The Risks and Benefits of Using the Evening Star Pattern in Crypto Trading

Just like any other method of analyzing charts and optimizing your trading, the evening star candlestick pattern has its risks and benefits. Be cautious and try to apply more than one technique of market analysis when making decisions.

Benefits:

  • Early warning sign. The evening star pattern gives an early indication of a potential trend reversal, allowing traders to react accordingly and capitalize on the bearish movement.
  • Increased probability of success. Combining the evening star pattern with other technical analysis tools can boost the likelihood of a successful trade.

Risks:

  • False signals. Like any technical analysis tool, the evening star pattern can occasionally produce false signals, leading to potential losses.
  • High volatility. Crypto markets are known for their high volatility, which can sometimes result in the pattern failing to predict a trend reversal accurately.

Conclusion

The evening star candlestick is a powerful bearish reversal pattern that can help traders identify potential trend reversals in the crypto market. By understanding its characteristics, using it in conjunction with other technical analysis tools, and being aware of the risks and benefits, traders can improve their chances of success. As with any trading strategy, it is essential to manage risk and maintain discipline to achieve consistent results.

FAQ

What is the evening star candlestick pattern?
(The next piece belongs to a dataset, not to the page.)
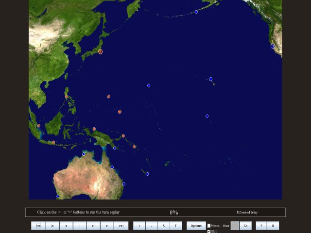 The replay is paused waiting for you to start it. Use the '>' or '>|' controls to move the replay forward either continuously or an hour at a time. The '>>|' control takes you to the end. The '|<<', '|<' and '<' controls work the same, but in reverse. The '|' button pauses the replay. For an overview of this and other features of the replay screen, see replay the turn.

The evening star candlestick is a bearish reversal pattern that typically signals a potential reversal from an uptrend to a downtrend. It consists of three candles: a long bullish candle, a small-bodied indecision candle, and a bearish candle.

This bearish candlestick pattern indicates that bullish momentum is losing strength, and bearish sentiment is taking over, potentially leading to a downtrend in the asset price.
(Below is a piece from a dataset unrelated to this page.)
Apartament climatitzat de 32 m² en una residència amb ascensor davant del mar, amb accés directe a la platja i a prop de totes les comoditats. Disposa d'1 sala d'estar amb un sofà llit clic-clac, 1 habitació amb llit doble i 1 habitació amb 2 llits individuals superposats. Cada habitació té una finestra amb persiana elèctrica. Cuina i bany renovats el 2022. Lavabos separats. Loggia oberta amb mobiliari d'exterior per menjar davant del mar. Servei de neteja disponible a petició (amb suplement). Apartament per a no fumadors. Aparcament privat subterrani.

What are the best bearish reversal patterns?

Some of the best bearish reversal patterns in financial markets include the evening star candles, bearish harami, shooting star, and bearish engulfing. These patterns help traders identify potential reversals in price uptrends, allowing them to take advantage of bearish market movements. Each pattern has its unique characteristics, but all of them signal a weakening of bullish momentum and a shift towards bearish sentiment.

Is the evening star pattern reliable?

The evening star candlestick is considered a relatively reliable bearish reversal signal, particularly when it appears after a strong uptrend and other technical indicators, such as resistance levels or price oscillators, confirm it. However, like all technical analysis tools, the evening star pattern may occasionally produce false signals. To mitigate this risk, traders should combine this pattern with other indicators and maintain strict risk management practices.
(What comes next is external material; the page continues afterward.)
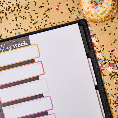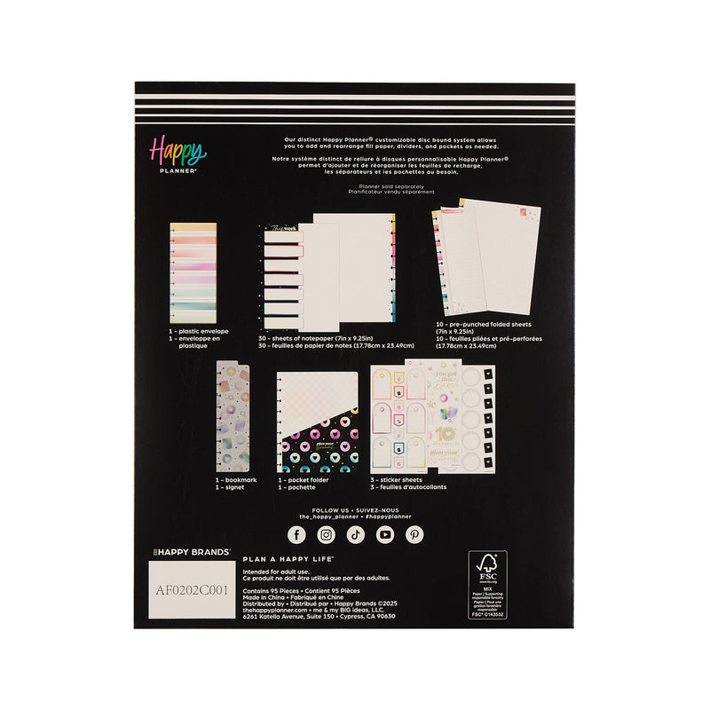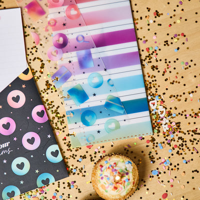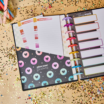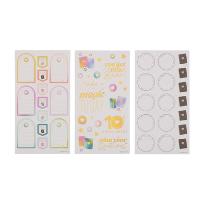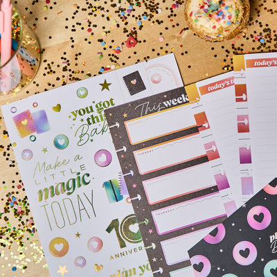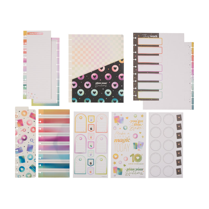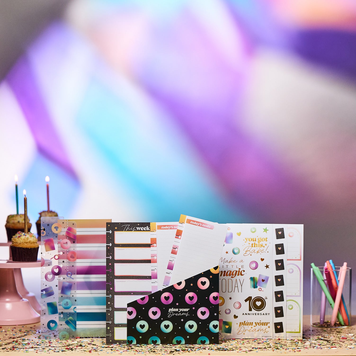 Celebrate a decade of planning with this vibrant 10 Years of Happy Accessory Pack. Designed to match our signature style, this pack features coordinating accessories in a colorful celebration of our iconic heart discs—complete with stars, gradients, and nostalgic charm. It’s the perfect add-on for customizing your Classic Happy Planner.

What is the morning star pattern?

The morning star pattern, being the opposite of the evening star candlestick, is a bullish reversal pattern. It signals a potential reversal from a downtrend to an uptrend in the financial markets. The pattern consists of three candles: a bearish (red or black) candle, a small-bodied indecision candle, and a bullish (green or white) candle. The morning star pattern indicates that bearish momentum is subsiding and bullish sentiment is taking over, potentially leading to an uptrend in the asset price.


Disclaimer: Please note that the contents of this article are not financial or investing advice. The information provided in this article is the author’s opinion only and should not be considered as offering trading or investing recommendations. We do not make any warranties about the completeness, reliability and accuracy of this information. The cryptocurrency market suffers from high volatility and occasional arbitrary movements. Any investor, trader, or regular crypto users should research multiple viewpoints and be familiar with all local regulations before committing to an investment.